Source material >>
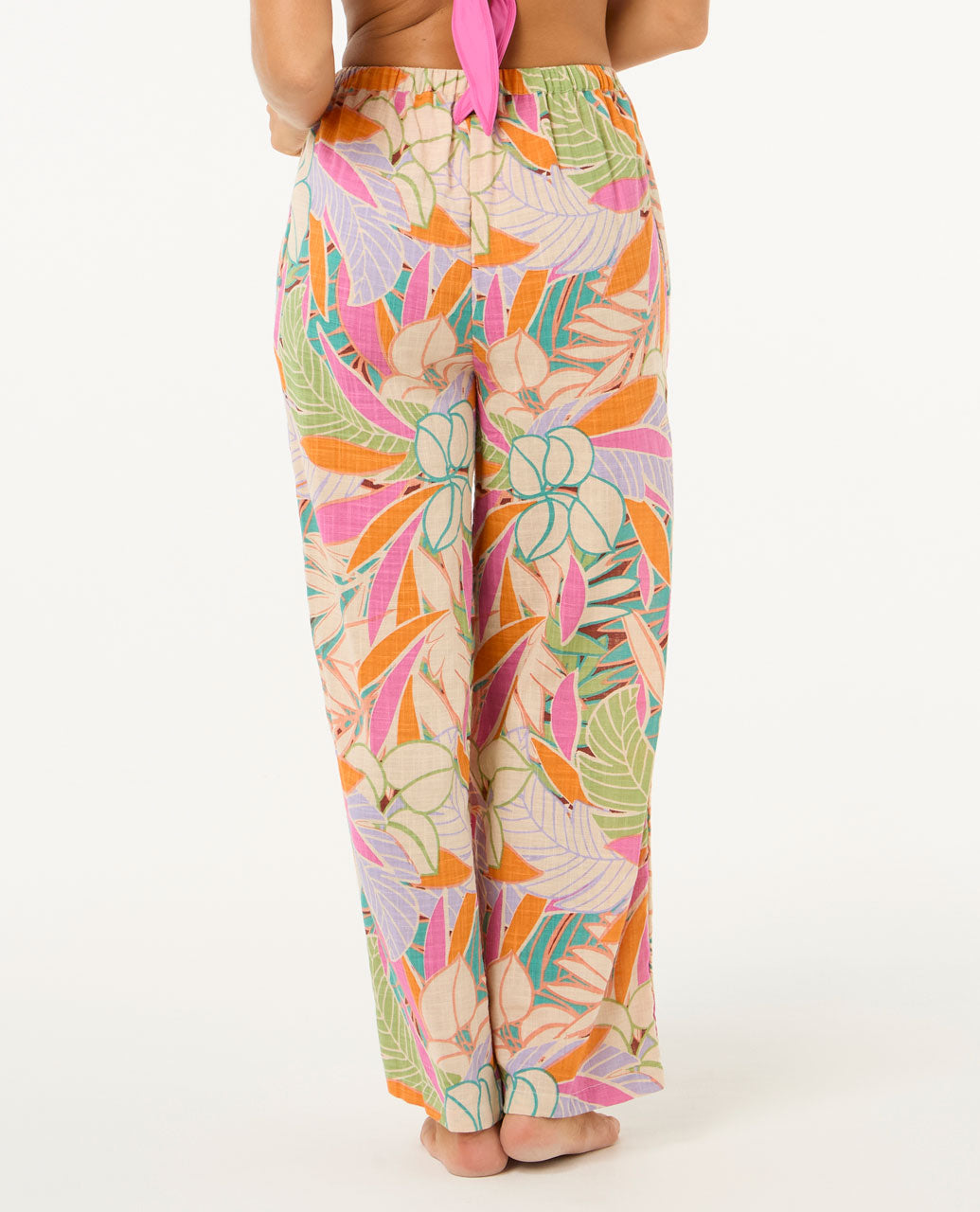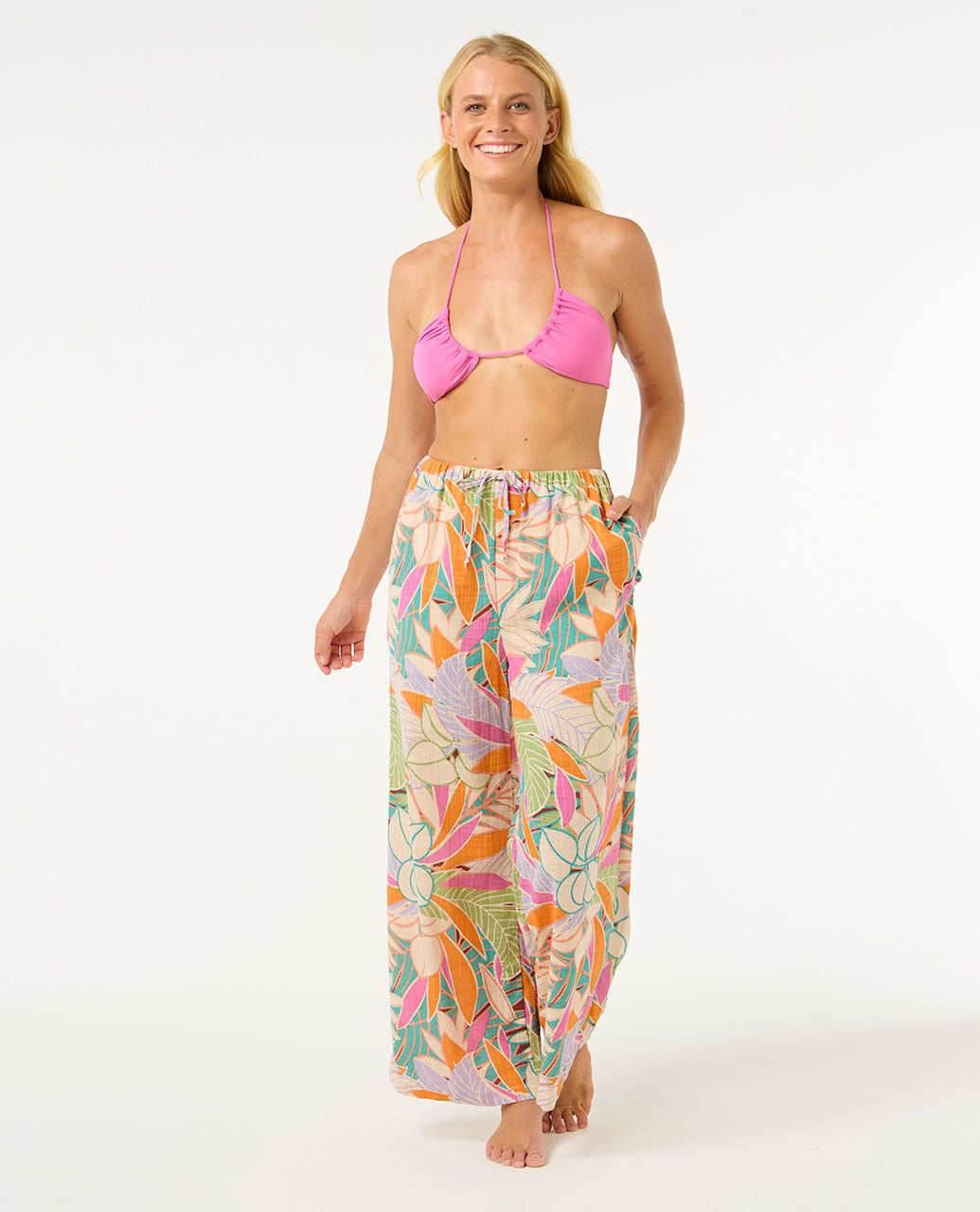 Features: Metal logo trim, Placement print, All over yardage print, Elastic waistband, Functional front tie.
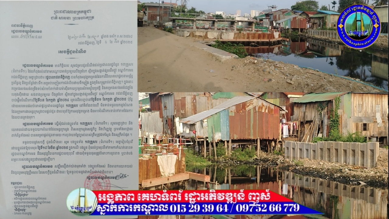 រដ្ឋបាលខណ្ឌចំការមន មានកិត្តិយស សូមជម្រាបជូនដំណឹងដល់ប្រជាពលរដ្ឋចំនួន ១៣គ្រួសារ (ជំហានទី១) ដែលកំពុងរស់នៅតាមបណ្តោយមាត់ប្រឡាយបឹងត្របែក ស្ថិតក្នុងសង្កាត់ផ្សារដើមថ្កូវ ខណ្ឌចំការមន រាជធានីភ្នំពេញ មេត្តាជ្រាបថា៖ រដ្ឋបាលរាជធានីភ្នំពេញ បានកំពុងអនុវត្តគម្រោងផែនការវិនិយោគហេដ្ឋរចនាសម្ព័ន្ធ ប្រព័ន្ធលូ និងប្រព័ន្ធរំដោះទឹក សម្រាប់បញ្ចៀសការជន់លិចដោយទឹកភ្លៀង ក្នុងភូមិសាស្ត្ររាជធានីភ្នំពេញ។ ក្នុងនោះ គម្រោងសាងសង់ចម្រឹងទប់សំរាមបំពាក់ដោយម៉ាស៊ីនកាយប្រមូលសំរាមស្វ័យប្រវត្តិ និងគម្រោងសាងសង់ជញ្ជាំង បេតុងស៊ុតផាយ សងខាងប្រឡាយ បឹងត្របែក ស្ថិតនៅក្នុងសង្កាត់ផ្សារដើមថ្កូវ ខណ្ឌចំការមន រាជធានីភ្នំពេញ ចាប់ផ្តើមដំណើរការពីថ្ងៃទី០៧ ខែកក្កដា ឆ្នាំ២០២៤ គ្រោងនឹងបញ្ចប់នៅថ្ងៃទី៣១ ខែកក្កដា ឆ្នាំ២០២៥ ប៉ុន្តែ ដោយសារមានផលប៉ះពាល់ផ្ទះប្រជាពលរដ្ឋចំនួន ១៣គ្រួសារ នៅទីតាំងខាងលើ មិនទាន់ទទួលយកនូវសំណង ដែលក្រុមការងារអន្តរក្រសួងបានផ្តល់ជូន ជាហេតុនាំឱ្យការអនុវត្តគម្រោង មិនអាចដំណើរការទាន់ទៅតាមផែនការ ដែលបានគ្រោងទុក។
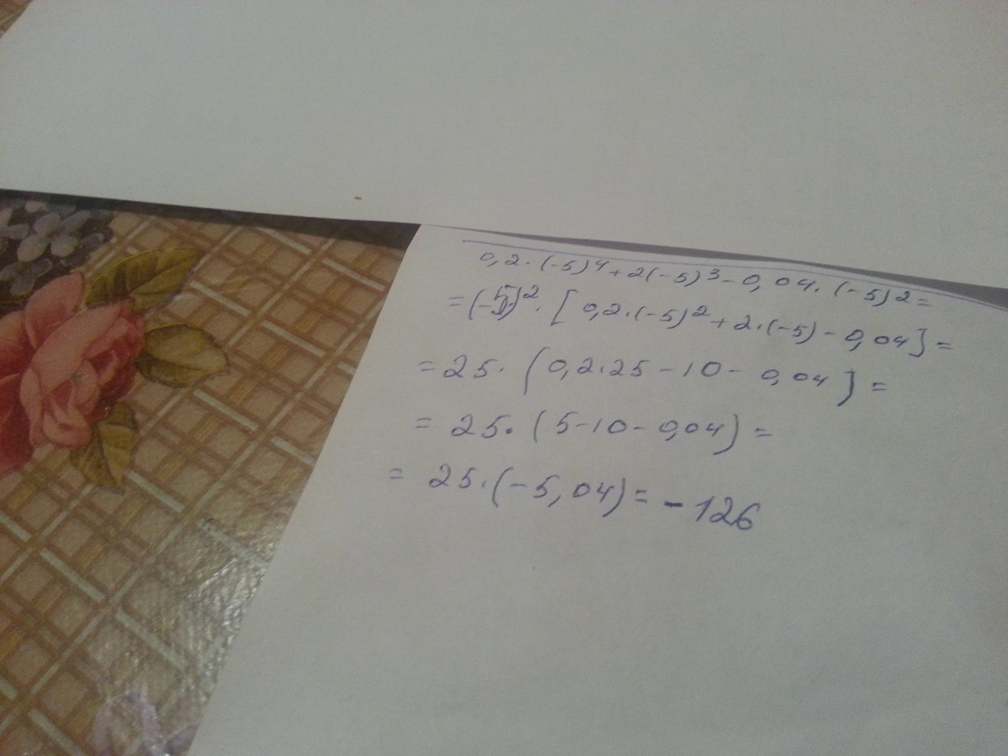 Найдите значение выражения : 0,2⋅(− 5)^4+ 2⋅(− 5)^3– 0,04⋅(− 5)^2

The problem >> Retype the whole of the data verbatim. Skip every picture.

Finished task >>
 Features: Metal logo trim, Placement print, All over yardage print, Elastic waistband, Functional front tie.
 រដ្ឋបាលខណ្ឌចំការមន មានកិត្តិយស សូមជម្រាបជូនដំណឹងដល់ប្រជាពលរដ្ឋចំនួន ១៣គ្រួសារ (ជំហានទី១) ដែលកំពុងរស់នៅតាមបណ្តោយមាត់ប្រឡាយបឹងត្របែក ស្ថិតក្នុងសង្កាត់ផ្សារដើមថ្កូវ ខណ្ឌចំការមន រាជធានីភ្នំពេញ មេត្តាជ្រាបថា៖ រដ្ឋបាលរាជធានីភ្នំពេញ បានកំពុងអនុវត្តគម្រោងផែនការវិនិយោគហេដ្ឋរចនាសម្ព័ន្ធ ប្រព័ន្ធលូ និងប្រព័ន្ធរំដោះទឹក សម្រាប់បញ្ចៀសការជន់លិចដោយទឹកភ្លៀង ក្នុងភូមិសាស្ត្ររាជធានីភ្នំពេញ។ ក្នុងនោះ គម្រោងសាងសង់ចម្រឹងទប់សំរាមបំពាក់ដោយម៉ាស៊ីនកាយប្រមូលសំរាមស្វ័យប្រវត្តិ និងគម្រោងសាងសង់ជញ្ជាំង បេតុងស៊ុតផាយ សងខាងប្រឡាយ បឹងត្របែក ស្ថិតនៅក្នុងសង្កាត់ផ្សារដើមថ្កូវ ខណ្ឌចំការមន រាជធានីភ្នំពេញ ចាប់ផ្តើមដំណើរការពីថ្ងៃទី០៧ ខែកក្កដា ឆ្នាំ២០២៤ គ្រោងនឹងបញ្ចប់នៅថ្ងៃទី៣១ ខែកក្កដា ឆ្នាំ២០២៥ ប៉ុន្តែ ដោយសារមានផលប៉ះពាល់ផ្ទះប្រជាពលរដ្ឋចំនួន ១៣គ្រួសារ នៅទីតាំងខាងលើ មិនទាន់ទទួលយកនូវសំណង ដែលក្រុមការងារអន្តរក្រសួងបានផ្តល់ជូន ជាហេតុនាំឱ្យការអនុវត្តគម្រោង មិនអាចដំណើរការទាន់ទៅតាមផែនការ ដែលបានគ្រោងទុក។
 Найдите значение выражения : 0,2⋅(− 5)^4+ 2⋅(− 5)^3– 0,04⋅(− 5)^2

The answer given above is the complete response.